Data segment

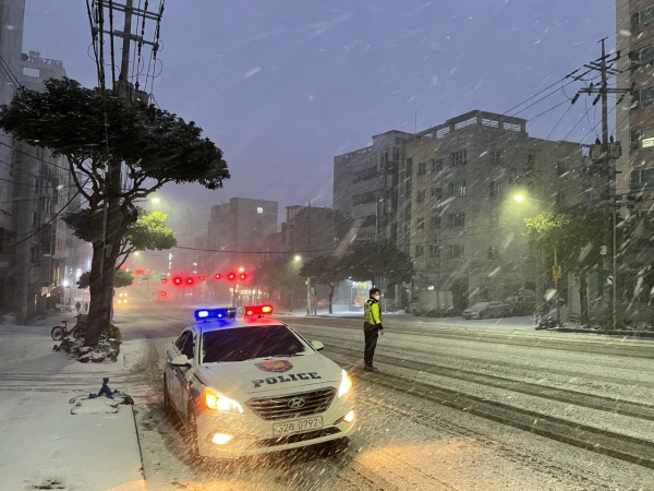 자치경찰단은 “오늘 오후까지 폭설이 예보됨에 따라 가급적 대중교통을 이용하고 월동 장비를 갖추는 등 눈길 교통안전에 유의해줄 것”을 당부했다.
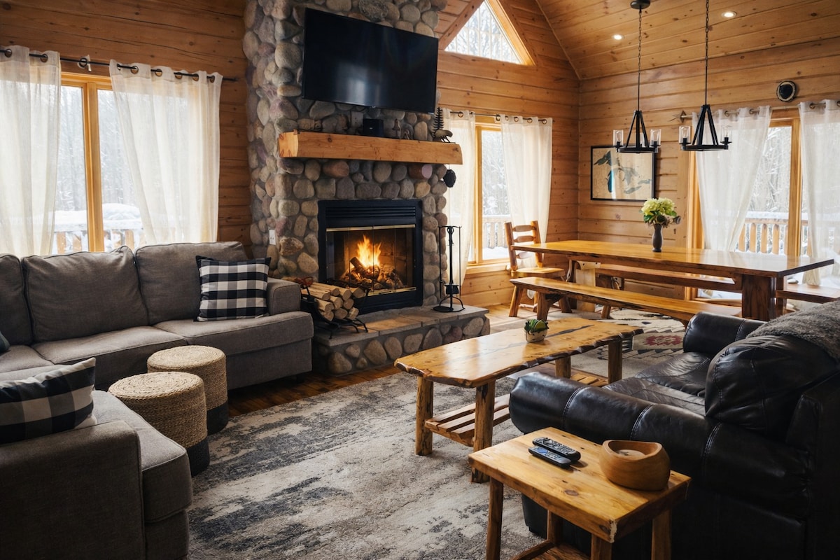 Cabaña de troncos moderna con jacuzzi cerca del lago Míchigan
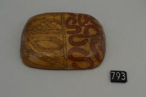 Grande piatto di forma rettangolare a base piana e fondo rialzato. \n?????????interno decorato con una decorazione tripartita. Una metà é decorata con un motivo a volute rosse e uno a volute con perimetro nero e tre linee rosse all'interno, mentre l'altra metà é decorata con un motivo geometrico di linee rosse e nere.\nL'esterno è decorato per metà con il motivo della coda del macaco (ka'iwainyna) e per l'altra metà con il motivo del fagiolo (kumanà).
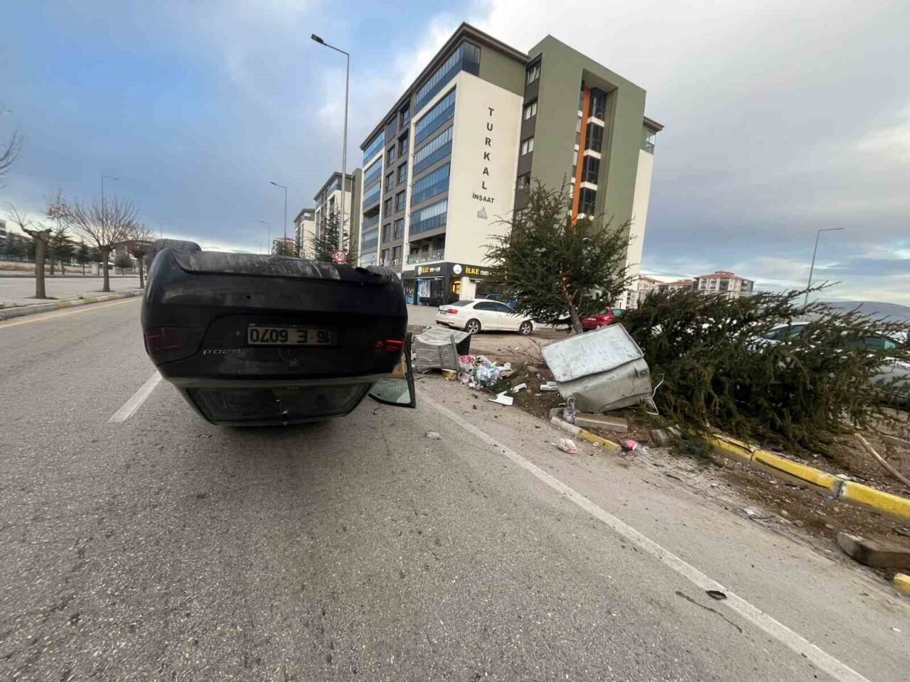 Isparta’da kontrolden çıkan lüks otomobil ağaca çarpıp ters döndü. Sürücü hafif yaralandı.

Try it
Print the data once more without any change, skipping each picture.

Completed exercise
 자치경찰단은 “오늘 오후까지 폭설이 예보됨에 따라 가급적 대중교통을 이용하고 월동 장비를 갖추는 등 눈길 교통안전에 유의해줄 것”을 당부했다.
 Cabaña de troncos moderna con jacuzzi cerca del lago Míchigan
 Grande piatto di forma rettangolare a base piana e fondo rialzato. \n?????????interno decorato con una decorazione tripartita. Una metà é decorata con un motivo a volute rosse e uno a volute con perimetro nero e tre linee rosse all'interno, mentre l'altra metà é decorata con un motivo geometrico di linee rosse e nere.\nL'esterno è decorato per metà con il motivo della coda del macaco (ka'iwainyna) e per l'altra metà con il motivo del fagiolo (kumanà).
 Isparta’da kontrolden çıkan lüks otomobil ağaca çarpıp ters döndü. Sürücü hafif yaralandı.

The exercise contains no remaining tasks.